Я люблю свою маму. Это важно проговорить сразу, потому что дальше я буду описывать, как она сводит меня с ума, и не хочется, чтобы одно затмевало другое. Она приехала, поставила банку на кухонный стол — это оказались солёные огурцы, которых у нас и так две банки, но отказаться нельзя, это было бы объявлением войны, — и с порога окинула квартиру тем взглядом, которым таможенник осматривает багаж.

— Пыльно у тебя на люстре, — сообщила она вместо приветствия. — И Соня где? Опять в своей комнате сидит в телефоне?
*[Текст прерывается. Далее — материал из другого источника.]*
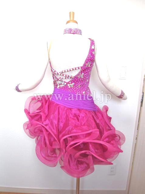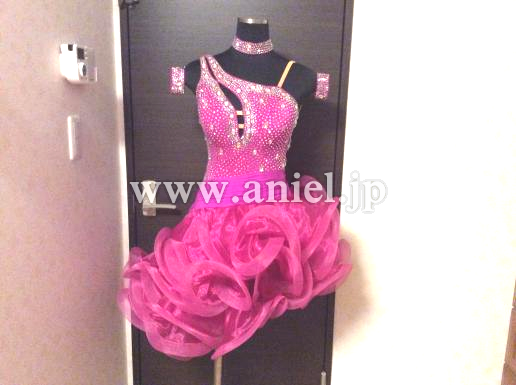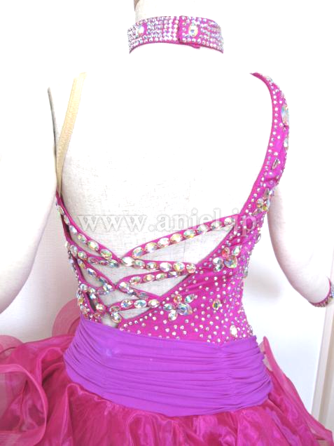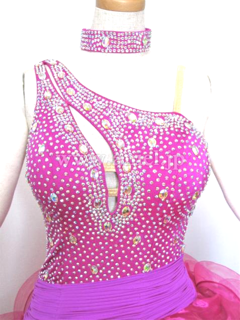 クリスアンの生地を使用、スワロフスキーストーンを20グロス(約4000個)ほど使ったかなり輝くドレスです。スカートはとてもボリュームがあり、目立ちます。ワンショルダーの人気のデザインです。ボリュームのあるスカートがフロアで目立ち、良く振れるため動きが大きくみえます。伸縮性があって、着脱が楽です。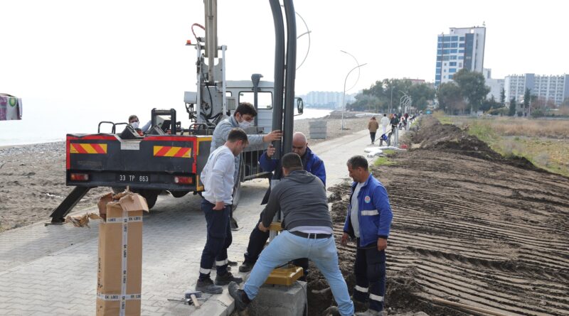 Mezitli sahillerine aydınlatma sistemi çekiliyor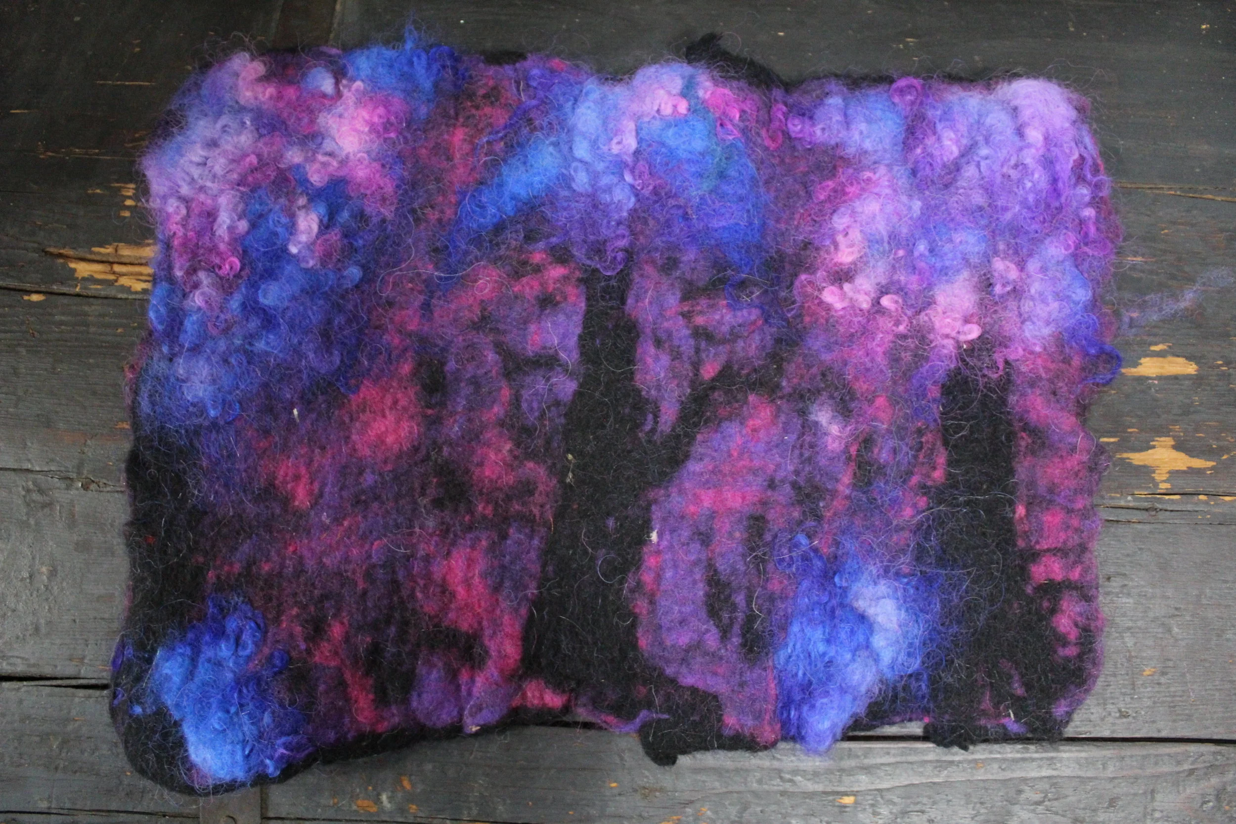 Since I was on a roll, I decided to knock out another cover - this one for a dear friend of mine. I’d promised a few of my friends planner covers, after which I’ll be filling up my shop with more of them. I want to try knocking out at least one or two per week. Normally I’m not a fan of wet felting (and I do want to try making one on the felting machine and see how that looks), because it does a number on my back, but since I got the boot mat it seems to help speed up the process and eliminate the need for rolling. One-to-two a week should give my back enough time to recuperate.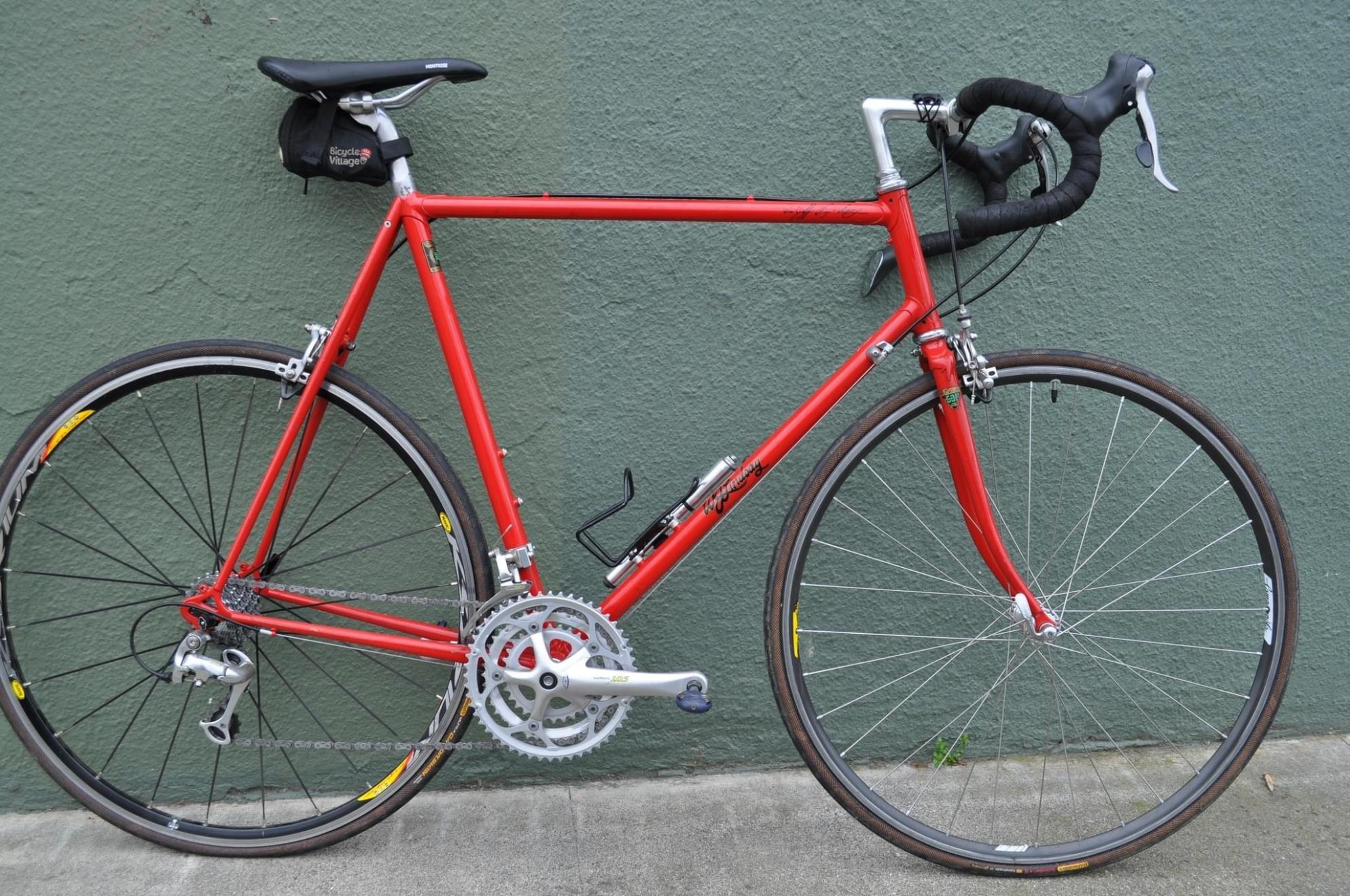 This bike, 1975 custom WJLindsay, was locked to my other bike, 1986 Ritchey Aspen, and in my closed garage. We were out of town on an extended assignment, from July 2nd through October 12th. It was stolen sometime within that time period. The thief somehow entered the garage and cut the cable locking the bicycles together.

Соня действительно была в своей комнате. И действительно с телефоном. Но что-то во мне ощетинилось на эту точность попадания — потому что за ней всегда следовало продолжение, и продолжение это я знала наизусть, поскольку слышала его про саму себя двадцать пять лет назад.

— Мам, она взрослая. Восемнадцать лет. Имеет право сидеть в своей комнате.

— Имеет, имеет, — Клара уже повязывала фартук, мой фартук, по-хозяйски, будто вернулась в собственный дом. — Только вот в моё время в восемнадцать лет девушки матери помогали, а не в телефоне сидели. Ну да ладно. Чайник ставь.

* * *

Соня, 18

Я услышала бабушку ещё из коридора — её голос ни с чем не спутаешь, он входит в квартиру раньше, чем она сама, и заполняет всё пространство, как запах пирога. И первое, что я почувствовала, — это, если честно, не радость. То есть я люблю бабушку, реально люблю, но её появление всегда означает, что ближайшие три часа я буду находиться под наблюдением, и любое моё действие — или бездействие — будет прокомментировано.

Я вышла на кухню, потому что не выйти было нельзя, это тоже расценили бы как преступление. Бабушка меня оглядела с ног до головы точно так же, как до этого квартиру, и я прямо физически почувствовала, как она составляет список замечаний.

— Худая какая стала, — вынесла она вердикт. — Не кормит тебя мама, что ли? И что за штаны на тебе рваные? Новые купить денег нет?

— Бабуль, они специально такие. Это стиль.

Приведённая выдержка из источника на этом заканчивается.